Supervision: The regulator fined eight firms more than $6 million for supervisory failures related to variable annuity L-shares. Those shares are complex investment products that combine insurance and security features designed for short term investment. The firms sanctions were: VOYA Financial Advisors, Inc., Cetera Advisor Networks LLC, Cetera Financial Specialists LLC, First Allied Securities, Inc., Summit Brokerage Services, Inc., VSR Financial Services, Inc., Kestra Investment Services, LLC and FTB Advisors, Inc.

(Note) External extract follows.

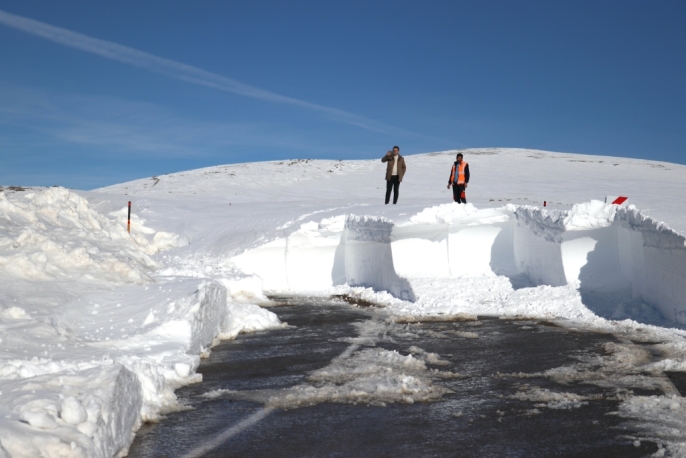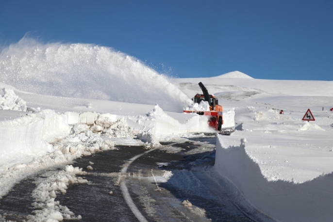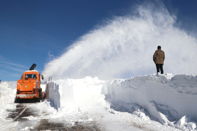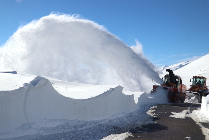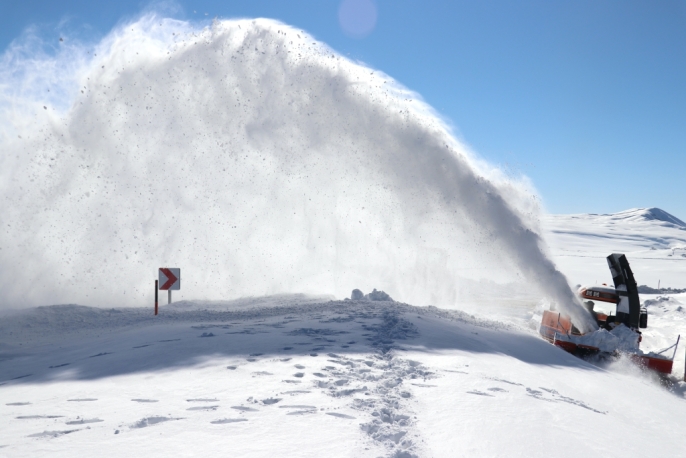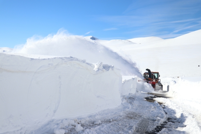 Ağrı'da Karayolları ekipleri, kar kalınlığının yer yer 2-3 metreyi aştığı Ağrı-Kağızman kara yolunda yoğun bir çalışma yürütüyor.

Manipulation: U.S. v. Mitchell, Case No. 1:16-cr-00234 (E.D.N.Y.) is an action which named as defendants Jared Mitchell and Maroof Miymana and charges conspiracy to commit securities fraud, conspiracy to commit wire fraud, securities fraud, money laundering and making a false statement centered. The charges center on the manipulation of the share price for ForceField Energy, Inc. Mr. Mitchell is an investor relations professional. Ms. Miyana is a registered representative at a brokerage firm. From January 2009 through April 2015 the defendants manipulated the share price of ForceField, a provider of LED lighting products. The manipulation was implemented through the use of a number of nominees who created the appearance in the market of actual trading and kickbacks paid to brokers to facilitate the scheme. The two defendants pleaded guilty to securities fraud and are awaiting sentencing.
Unauthorized trading; The Securities and Futures Commission banned Lawrence Lai from the securities business for ten year. Mr. Lai is a former registered representative of UOB Kay Hian (Hong Kong) Limited and UOB Kay Hian Futures (Hong Kong) Limited. The SFC’s investigation centered on trading of the Nikkei Futures contracts through an account at the firm following a tsunami that stuck Japan in March 2011. At that time Mr. Lai made false statements, engaged in unauthorized trading in a client account, misled his employer regarding the risk of the transactions and acted against the best interests of the client.
Insider dealing: Mark Lytteton, formerly an equity portfolio manager at BlackRock, pleaded guilty to insider dealing in the shares of EnCore Oil Plc between October 1 and 13, 2011 and Cairn Energy Plc between Nov. 4, 2011 and December 17, 2011. He obtained the information from conversations with colleagues or working on the deals.